In the 1700s, Luigi Galvani showed that electrically stimulating the sciatic nerve of a dissected frog caused movement of the attached muscle. His experiments led scientists away from the fluid mechanical theory of the brain and toward an electrical theory. Galvani's work led, in the 19th century, to the development of research in bioelectricity and to the discovery of the membrane potential, action potential, etc., by researchers such as Emil du Bois-Reymond.
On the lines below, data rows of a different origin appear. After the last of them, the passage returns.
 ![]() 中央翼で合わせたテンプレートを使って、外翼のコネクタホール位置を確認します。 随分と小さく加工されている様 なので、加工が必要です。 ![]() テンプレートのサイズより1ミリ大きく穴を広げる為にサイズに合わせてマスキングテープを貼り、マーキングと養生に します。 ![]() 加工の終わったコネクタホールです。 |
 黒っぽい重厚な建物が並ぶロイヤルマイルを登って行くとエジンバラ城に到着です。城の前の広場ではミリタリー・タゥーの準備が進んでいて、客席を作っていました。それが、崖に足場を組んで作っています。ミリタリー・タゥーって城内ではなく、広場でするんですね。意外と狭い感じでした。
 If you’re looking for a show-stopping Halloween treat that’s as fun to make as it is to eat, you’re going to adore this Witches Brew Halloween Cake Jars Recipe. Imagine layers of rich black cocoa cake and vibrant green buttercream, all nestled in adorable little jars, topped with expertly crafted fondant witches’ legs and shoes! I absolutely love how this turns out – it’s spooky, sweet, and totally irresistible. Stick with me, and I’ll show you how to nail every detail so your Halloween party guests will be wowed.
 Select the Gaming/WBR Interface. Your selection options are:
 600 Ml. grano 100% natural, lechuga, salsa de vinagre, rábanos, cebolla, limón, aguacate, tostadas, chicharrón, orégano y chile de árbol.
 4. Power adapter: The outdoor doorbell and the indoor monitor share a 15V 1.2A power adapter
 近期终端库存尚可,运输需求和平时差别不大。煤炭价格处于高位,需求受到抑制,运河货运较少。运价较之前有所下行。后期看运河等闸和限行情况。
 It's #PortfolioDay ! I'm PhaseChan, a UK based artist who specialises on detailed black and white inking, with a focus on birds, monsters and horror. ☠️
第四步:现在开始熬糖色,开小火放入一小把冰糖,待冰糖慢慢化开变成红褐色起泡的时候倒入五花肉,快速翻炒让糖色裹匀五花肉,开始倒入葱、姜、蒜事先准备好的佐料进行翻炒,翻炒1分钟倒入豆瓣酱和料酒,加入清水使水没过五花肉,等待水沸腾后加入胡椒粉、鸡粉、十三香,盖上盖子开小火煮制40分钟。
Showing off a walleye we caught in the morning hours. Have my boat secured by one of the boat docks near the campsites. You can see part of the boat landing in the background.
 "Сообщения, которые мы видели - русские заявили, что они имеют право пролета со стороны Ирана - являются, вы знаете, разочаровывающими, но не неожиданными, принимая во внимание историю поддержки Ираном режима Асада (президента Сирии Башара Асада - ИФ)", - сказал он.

The scientists of the 1800s debated whether areas of the brain corresponded to specific functions or if the brain functioned as a whole (the "aggregate field theory"). Jean Pierre Flourens championed the aggregate field theory in opposition to the pseudoscience of phrenology, founded by Franz Joseph Gall. However, the work of Paul Pierre Broca, Karl Wernicke, and Korbinian Brodmann eventually helped show that areas of the brain had specific functions, though some functions were repeated, an idea known as parallel distributed processing (Kandel, 2001).

As the 20th century approached, the anatomical works of Santiago Ramon y Cajal and Camillo Golgi laid the foundation for the study of individual neurons in the brain. Charles Scott Sherrington and Edgar Douglas Adrian furthered the study of neurons with the new techniques of electrodes and the electroencephalogram (EEG). Neurotransmitters were discovered and investigated by a number of scientists, including Otto Loewi, Henry Hallett Dale, Arvid Carlsson and many others. Later techniques, such as brain imaging allowed scientists to study the brain in living humans and animals in ways that their predecessors could not.